An example query that is made possible by this change (returns names of all
available collections):
RETURN COLLECTIONS()[*].name
This query did not work in ArangoDB 1.1, and the workaround was to either use
a for loop and process the individual function return values separately, or
to store them in a temporary variable as follows:
FOR c IN COLLECTIONS() RETURN c.name
LET c = COLLECTIONS() RETURN c[*].name
Note: ArangoDB 1.2 still supports these queries, but the above syntax is much
simpler and intuitive.
ArangoDB 1.2 also supports negative list indexes to return list elements from
the end of the list using the `[ ]` operator.
To return the last element from a list, the following query can be used in
ArangoDB 1.2:
LET l = [ 1, 2, 3, 4 ] RETURN l[-1]
whereas in ArangoDB 1.1, the length of the list had to be determined, and the
element offset had to be calculated based on that:
LET l = [ 1, 2, 3, 4 ] RETURN l[LENGTH(l) - 1]
Note: ArangoDB 1.2 still supports this, but the above form is much simpler.
### Index usage and optimisations
AQL queries in ArangoDB 1.2 will use indexes in more cases than in previous
versions of ArangoDB:
- querying with an equality predicate on the `_key` attribute will try to
use the primary index
- querying on `_from` and `_to` attributes of documents in an edge collection
will try to use the edges index
- if the result of the `PATHS()` function is restricted to specific `source` or
`destination` vertexes (identified by dedicated `_id` values), the query will
try to use the edges index.
- some specific LIMIT and SORT operations will be pushed upwards in the execution
pipeline to make queries faster.
Note: `try` in this context means that the query optimiser will try to apply the
mentioned optimisations.
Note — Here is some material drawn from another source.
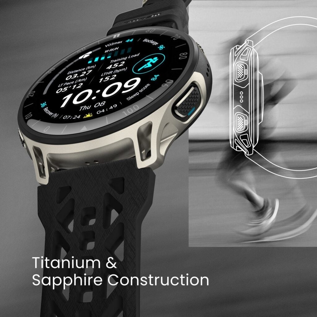 Cheetah 2 Pro impresionează printr-un design ușor, dar rezistent. Carcasa este realizată din titan de grad 5, iar ecranul este protejat de sticlă safir. Display-ul AMOLED de 1.32 inch în diametru oferă rezoluție de 466 x 466 pixeli, rată de refresh de 60Hz și o luminozitate de până la 3000 de nits, ceea ce asigură vizibilitate excelentă chiar și în lumină puternică. Cu o greutate de doar 45.6 grame, ceasul rămâne confortabil inclusiv în timpul antrenamentelor lungi.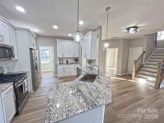 With over $60,000 in renovations, this 4br, 2 1/2 bath two story home offers a beautiful new kitchen with granite counter tops, all new cabinets, fixtures, new appliances with gas range and oven. Downstairs offers a flex space for an office or dining room. New continuous vinyl plank floors throughout the house offer durability and easy care. Beautiful new stairs and handrails lead you upstairs to a Primary bedroom with French doors leading to the primary bathroom with new tile shower, garden tub, dual sinks with granite counter tops on new cabinets and a large walk in closet. There is a large bonus room/flexible space suitable for an additional bedroom, family room or office. There are two new Gas HVAC Split Systems for your comfort The Lantern Green Community offers a large pool and tennis courts with the 3 mile Irish Buffalo Creek greenway close by. There are parks is nearby with t quick access to uptown Kannapolis with Atrium Park, and downtown Concord. I85 is just minutes away.

Specific optimisations might not be applied if other parts
of the query prohibit the optimisations (e.g. querying with logical OR on different
attributes will likely disable several optimisations).
Fulltext indexes {#NewFeatures12Fulltext}
-----------------------------------------
* added fulltext index type. This index type allows indexing words and prefixes of
words from a specific document attribute. The index can be queries using a
SimpleQueryFull object, the HTTP REST API at /_api/simple/fulltext, or via AQL
CORS support {#NewFeatures12CORS}
---------------------------------
ArangoDB 1.2 offers support for Cross-Origin Resource Sharing (CORS), allowing it
to be used as AJAX back end even in a cross-domain request setup.
Browsers will normally not allow cross-domain requests for AJAX calls due to security
reasons. Modern browsers allow defined exceptions from this same-origin policy rule,
provided the client code sets some specific properties in the XMLHttpRequest object.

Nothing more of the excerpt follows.